2. Non-Selective Adsorption. Nonselective membranes, such as highly adsorptive membranes (HAMs), remove mediators and substances below the 35 kDa range. For instance, the acrylonitrile 69 surface-treated (AN69 ST) membrane removes cytokines, antibiotics, and lactate but is ineffective against endotoxins [16]. The polymethylmethacrylate (PMMA) filter, used in continuous veno-venous hemofiltration (CVVH), exhibits greater adsorption capacity and removes cytokines and HMGB1 [17]. The CytoSorb device, which consists of porous resin beads, can remove molecules in the 5-60 kDa range, including cytokines and bacterial toxins; however, it cannot remove endotoxins [14]. This broad-spectrum approach may offer advantages in sepsis, where multiple cytokines and toxins drive disease progression. While early clinical experience with devices such as CytoSorb is promising, showing reductions in cytokine levels and improvements in hemodynamics, large-scale randomized clinical trials that can definitively describe their efficacy have not yet been conducted [18, 19].
   In addition to hemoperfusion, high-cutoff (HCO) membranes used in continuous renal replacement therapy (CRRT) have been studied for their ability to remove larger molecules, such as cytokines, from the circulation. These membranes, which have larger pore sizes than conventional high-flux membranes, allow for the removal of molecules up to 60 kDa. Although HCO membranes have shown the ability to reduce inflammation and improve patient outcomes in early studies, their widespread adoption is limited by concerns about excessive albumin loss and the lack of consistent clinical benefits across patient populations [18, 19].
   The clinical application of these technologies in the management of sepsis is still in its infancy. While some small-scale studies and case reports indicate potential benefits, such as improved hemodynamics and reduced need for vasopressor agents, larger, well-designed studies are needed to establish their efficacy and safety profiles. The heterogeneity of sepsis presentations, variability in patient responses, and the need to attempt to standardize treatment protocols complicate the evaluation of these therapies [16, 18].

Conclusion

In this paper we report a case in which HP with JAFRON HA 380 proved to be effective during severe septic shock, allowing interruption of amines, resumption of diuresis and resolution of third-degree atrioventricular block. Although HP is a promising technique, there are no established guidelines for hemoperfusion, but several biologically and pathophysiological rational indications can be identified:

• intoxication either with a drug, like valproate and carbamazepine, or toxic chemical, like paraquat and organophosphates, or toxic natural products, like mushroom-related toxins;
• liver disease: data are limited for severe liver failure, either acute or acute on chronic, even if ammonia or bilirubin might be potential targets; a possible application of HP could be also intractable cholestatic pruritus;
• renal disease: there is a variety of end-stage renal failure-associated toxins, such as beta-2 microglobulin, not adequately removed during dialysis justifying the combined use of resins in selected patients or uremic pruritus;
• sepsis: two approaches have been developed, one based on selective targeting of a key molecule, like endotoxin, and supported by several trials, the other based on non-selective adsorption, not yet tested in suitably designed multicenter randomized trials.

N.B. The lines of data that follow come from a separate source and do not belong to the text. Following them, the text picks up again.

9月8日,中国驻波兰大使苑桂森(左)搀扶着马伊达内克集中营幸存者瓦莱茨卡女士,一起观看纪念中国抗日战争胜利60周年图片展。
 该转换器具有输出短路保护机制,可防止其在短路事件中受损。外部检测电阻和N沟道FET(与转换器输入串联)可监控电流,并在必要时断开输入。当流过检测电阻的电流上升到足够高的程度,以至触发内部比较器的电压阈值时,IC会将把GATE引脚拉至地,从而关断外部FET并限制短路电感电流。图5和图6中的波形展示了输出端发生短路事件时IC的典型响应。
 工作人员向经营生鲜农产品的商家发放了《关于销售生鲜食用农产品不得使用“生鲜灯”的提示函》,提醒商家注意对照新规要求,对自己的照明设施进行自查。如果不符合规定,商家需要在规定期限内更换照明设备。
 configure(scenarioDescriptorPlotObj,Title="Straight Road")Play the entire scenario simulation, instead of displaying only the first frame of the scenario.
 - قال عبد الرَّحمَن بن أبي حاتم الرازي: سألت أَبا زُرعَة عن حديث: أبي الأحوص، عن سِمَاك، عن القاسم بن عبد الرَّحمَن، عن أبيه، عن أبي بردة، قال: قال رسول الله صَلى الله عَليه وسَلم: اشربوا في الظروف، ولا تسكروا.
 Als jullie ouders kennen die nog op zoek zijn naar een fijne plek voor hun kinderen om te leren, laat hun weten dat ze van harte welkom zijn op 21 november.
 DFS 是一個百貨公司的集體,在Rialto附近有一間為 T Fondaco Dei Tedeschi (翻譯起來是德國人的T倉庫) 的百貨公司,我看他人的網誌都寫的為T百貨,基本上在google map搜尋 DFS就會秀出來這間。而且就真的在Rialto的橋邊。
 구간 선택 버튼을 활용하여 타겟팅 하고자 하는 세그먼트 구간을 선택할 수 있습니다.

Haemadsorption therapy has several limitations that hinder its wider clinical use, as highlighted in the scientific literature. One of the main difficulties is the heterogeneity of patients admitted to the ICU, which makes it difficult to identify those who could actually benefit from this treatment.

The most recent guidelines of the Surviving Sepsis Campaign: International Guidelines for Management of Sepsis and Septic Shock (2016) do not include specific recommendations on the use of blood purification techniques in patients with sepsis. Furthermore, the indications for initiating renal replacement therapy (RRT) in sepsis-associated AKI remain unchanged compared to those of AKI resulting from other causes. The adoption of particular adsorbent techniques can be evaluated as an adjunctive treatment, taking each case into consideration.

The lack of definitive evidence regarding clinical outcomes is not surprising, since several randomized controlled trials conducted in recent years, aimed at evaluating various interventions in critically ill patients, with or without sepsis, have not shown any significant benefit on survival. This highlights the complexity of evaluating the effectiveness of interventions in large cohorts characterized by significant clinical variability.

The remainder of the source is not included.